Following the company's consistent “countercyclical investment and procyclical operation” strategy, China's ship leasing's subsequent development focus will be skewed from “expansion” to “heavy operation”.

As China's ship leasing expands its fleet at a slower rate, its future capital expenditure is likely to gradually decrease, and the company will have more capital to use as dividends.

Of course, as a subsidiary of a central enterprise, China Ship Leasing complies with a series of policy calls for state-owned enterprise reform. In order to better return investors, it itself has an incentive to increase dividends.

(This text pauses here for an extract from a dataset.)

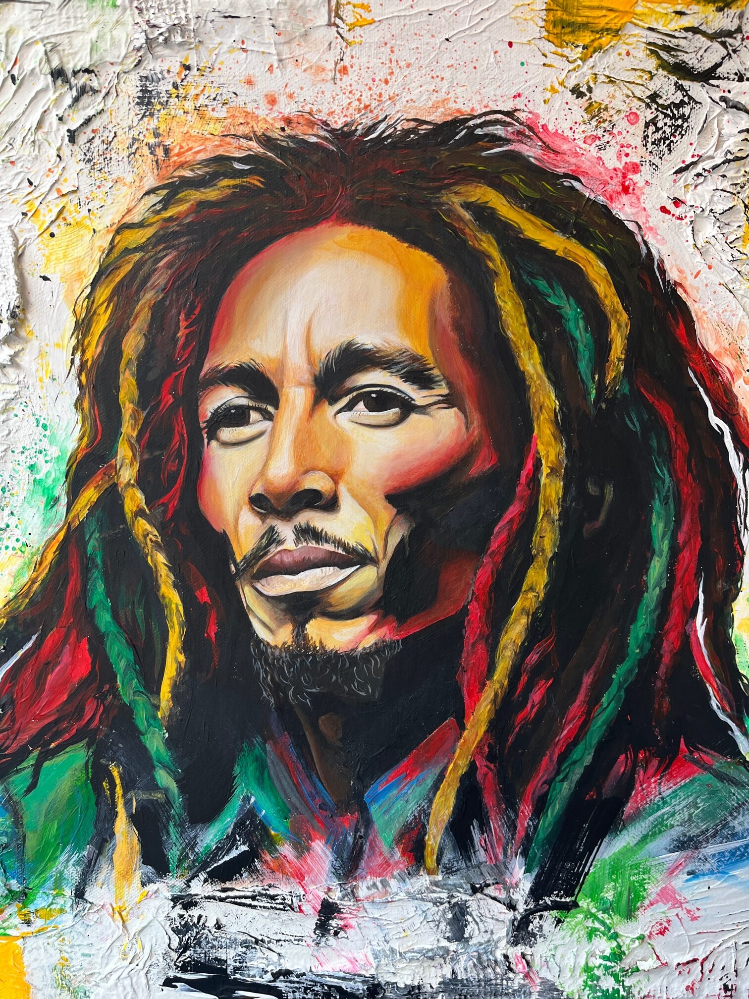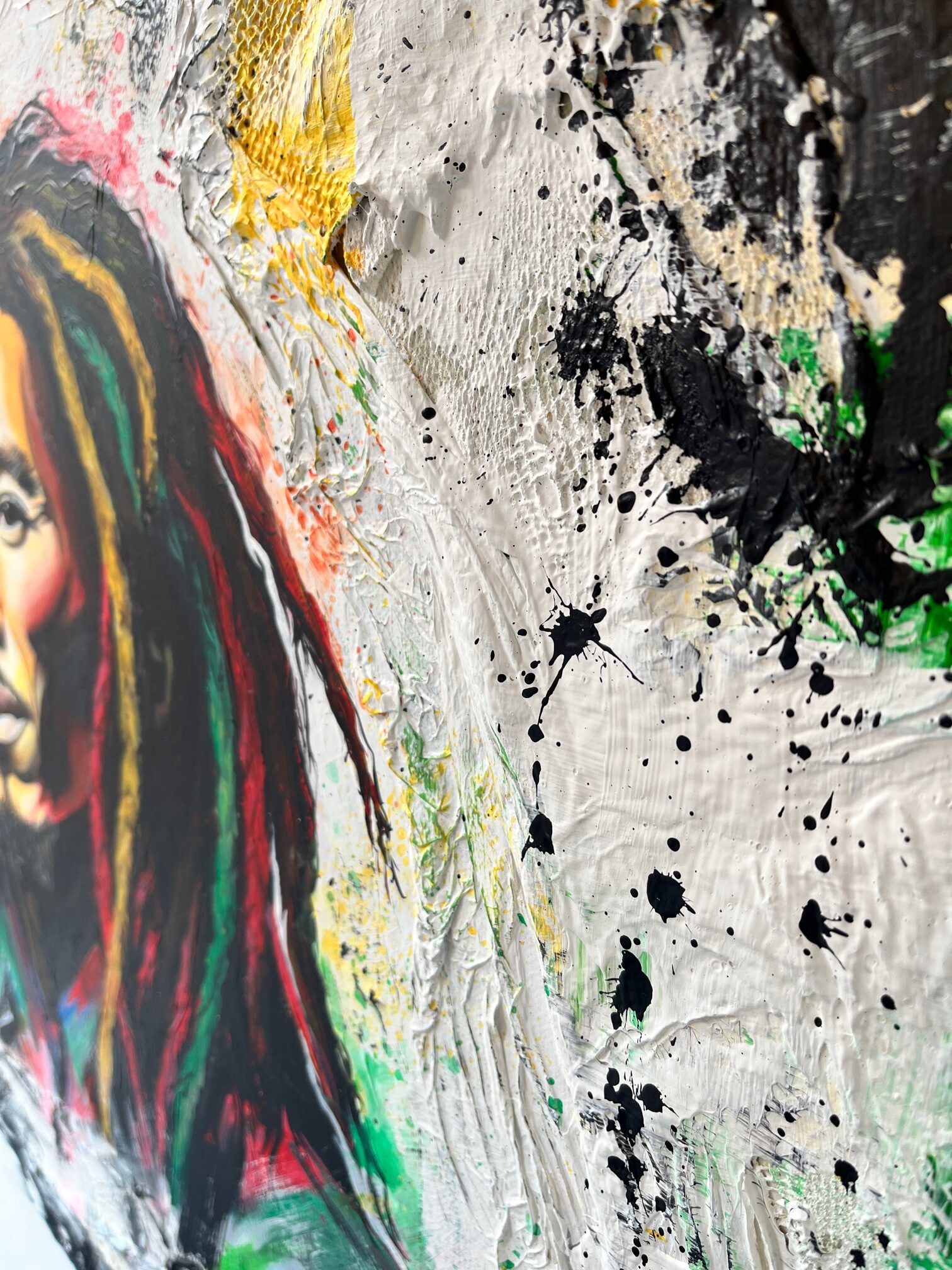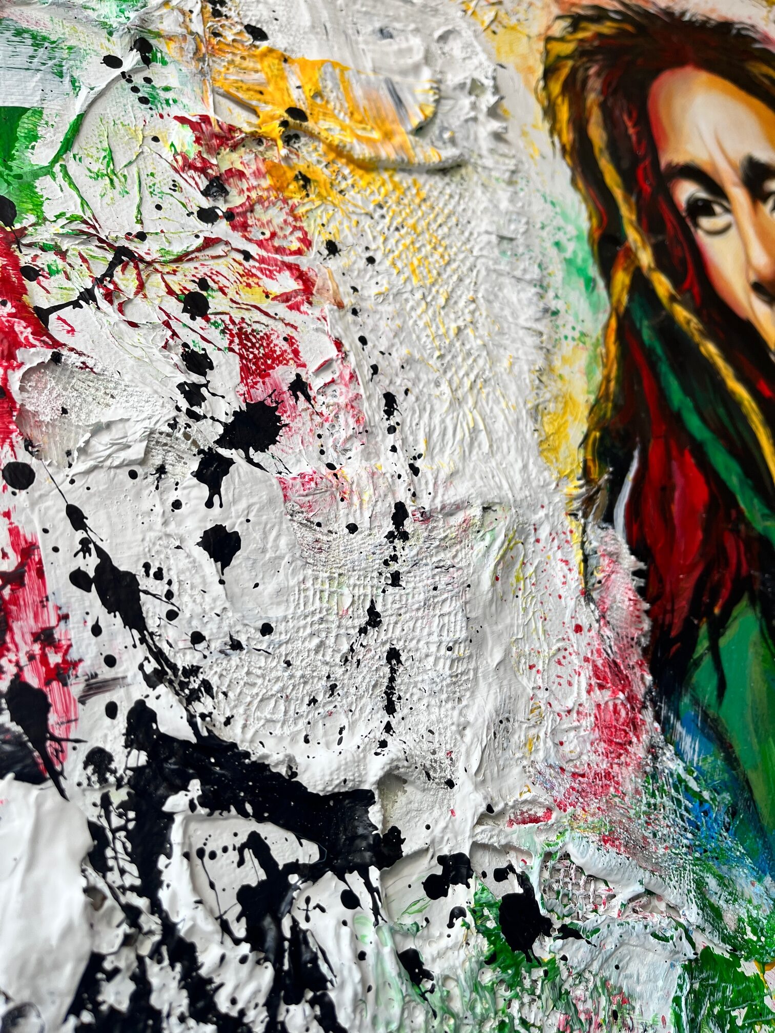 76 x 50cm textured Bob Marley portrait piece on a deep edge canvas.
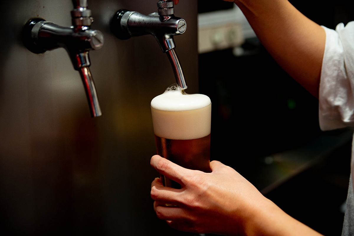 「宇宙ビール」や宮崎の栗を使った黒ビール「栗黒」など、行くたびに新しい味に出会えるのが魅力です。さらに、知る人ぞ知るサッポロのプレミアムピルスナー「エーデルピルス」は、通好みの一杯。3回に分けて注ぐ「3段つぎ」で仕上げる泡はスフレのように柔らかく、香りと口当たりが格別。そのほか、日本酒や静岡茶を使ったお茶割り、元バーテンダーの飯塚さんが作るハイボールも人気。「びっくりするほど美味しい!」とファンが増え続けています。

Moreover, Chinese ship leasing has always had a “high dividend” label. Since its listing in 2019, China Ship Leasing has paid dividends twice a year. The mid-year dividend was HK$0.03 per share, and the year-end dividend was HK$0.09 per share. The total annual dividend payout was HK$0.12 per share. Based on the closing price of HK$1.41 on March 26, its dynamic dividend rate reached 8.51%, which is attractive enough for more long-term capital.

III. Concluding Remarks

The exact timing of the arrival of a new cycle in the shipping industry is unknown, but “ship-savvy” players like Chinese ship leasing by optimizing the fleet structure, enhancing operational efficiency, and actively exploring new models in the ship leasing market have made preparations early. As scarce manufacturers in the Hong Kong stock market are the target of ship leasing, its value is expected to be revalued as the new industrial cycle arrives.